True, it is simpler to just simply never free memory and let process teardown take care of it, but I'm only disagreeing with the notion that it's non-trivial to write servers that simply don't leak memory per-request. I think with modern tools, it's pretty easy for anyone to accomplish. Hell, if you can just slap Boehm GC into your C program, maybe it's trivial to accomplish with old tools, too.

taeric 5 hours ago [-]

Fair. My push was less on just not leaking memory entirely, and more that it can scale faster. Both using a GC and relying on teardown are essentially punting the problem from the specific request handling code onto something else. It was not uncommon to see GC based systems fall behind under load. Specifically because their task was more work than tearing down a process.

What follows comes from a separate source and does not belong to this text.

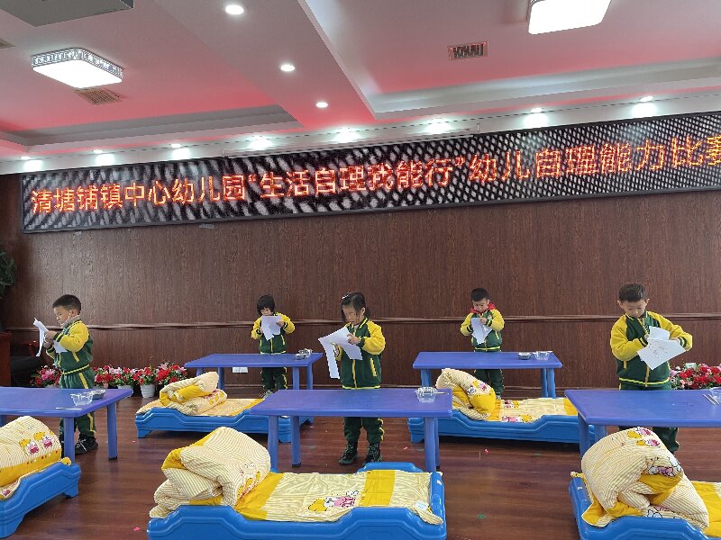 本网讯 12月9日上午,清塘铺镇中心幼儿园举行了“生活自理我能行”幼儿自理能力比赛。

monkeyelite 6 hours ago [-]

> So the upshot of writing CGI scripts is that you can... ship broken, buggy code that leaks memory to your webserver and have it work mostly alright

Yes. The code is already shitty. That’s life. Let’s make the system more reliable and fault tolerant.

This argument sounds a lot like “garbage collection is for bad programmers who can’t manage their memory”.

But let me add another reason with your framing. In fire/forget programmers get used to crashing intentionally at the first sign of trouble. This makes it easy to detect failures and improve code. The incentive for long running processes is to avoid crashing, so programs get into bad states instead.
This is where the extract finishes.